Disposals by non-UK residents of their UK residential property will be subject to UK capital gains tax (“CGT”) from April 2015. The new tax charge was announced in the UK Chancellor’s Autumn statement on 5 December 2013.

So far we have very little detail. However, it appears that the new charge will apply only to future increases in value. Thus, if an individual already owns UK residential property its value will be effectively rebased, presumably to its April 2015 value – although the rebasing date would need to be confirmed - for the purpose of calculating any taxable gain on a future disposal.

It also appears that the new charge will apply regardless of the value of the residential property (by contrast to the charge on ATED-related gains applicable since April 2013 on disposals by non-UK resident companies which only applies to properties worth over £2m).

The announcement does not indicate what rate of CGT will be payable.
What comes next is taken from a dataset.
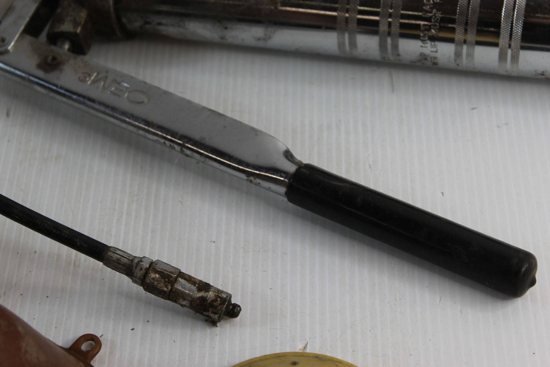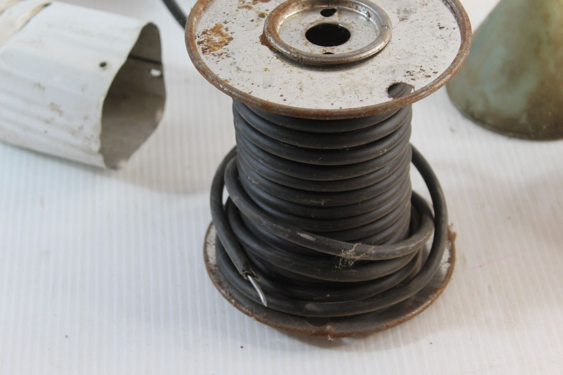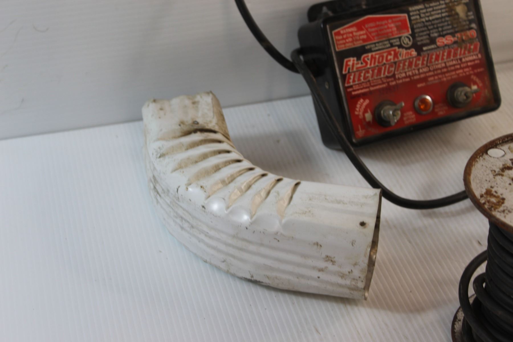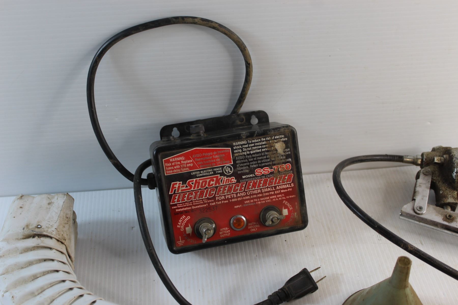 Funnels, Electric Fence Energizer, Grease Pump and Assorted Items
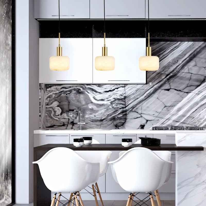 The Revina pendant light features a harmonious blend of brass and alabaster, creating an elegant and modern aesthetic. Its cylindrical alabaster shade softly diffuses light, casting a warm, natural glow that enhances any space. The brass accents lend a touch of luxury and sophistication, complementing the organic tones of the alabaster. Ideal for contemporary or minimalist interiors, this pendant exudes a timeless appeal while providing gentle ambient lighting.

One possibility is that it will be set at 28%, which is currently the top rate of CGT payable by individuals.

A Government consultation on the new charge is due to be published early in 2014 which should go some way towards clarifying how it is intended to work. Questions which the consultation will need to address include the following:

  • will any reliefs be available, including principal private residence exemption? Will the reliefs available under the ATED rules (for example, for letting on commercial terms or for development) be replicated for purposes of the new charge?
  • will the new charge apply to non-UK resident trusts? (The charge on ATED-related gains does not apply to trustees)
  • will the new charge apply to companies and if so, what would be the interaction with the charge on ATED-related gains? Would it extend to cases where the property is worth under £2m? Thousands of non-UK companies (especially in the BVI) own residential property in London. It will only be possible to advise them on their tax position once we have further clarification on the scope of the new charge.

Once the Government’s consultation paper is published in early 2014 it will be possible for non-UK resident owners of residential property in the UK to begin considering whether they are affected and what steps, if any, they should take. This is likely to require a consideration of other UK taxes besides CGT, including ATED and inheritance tax.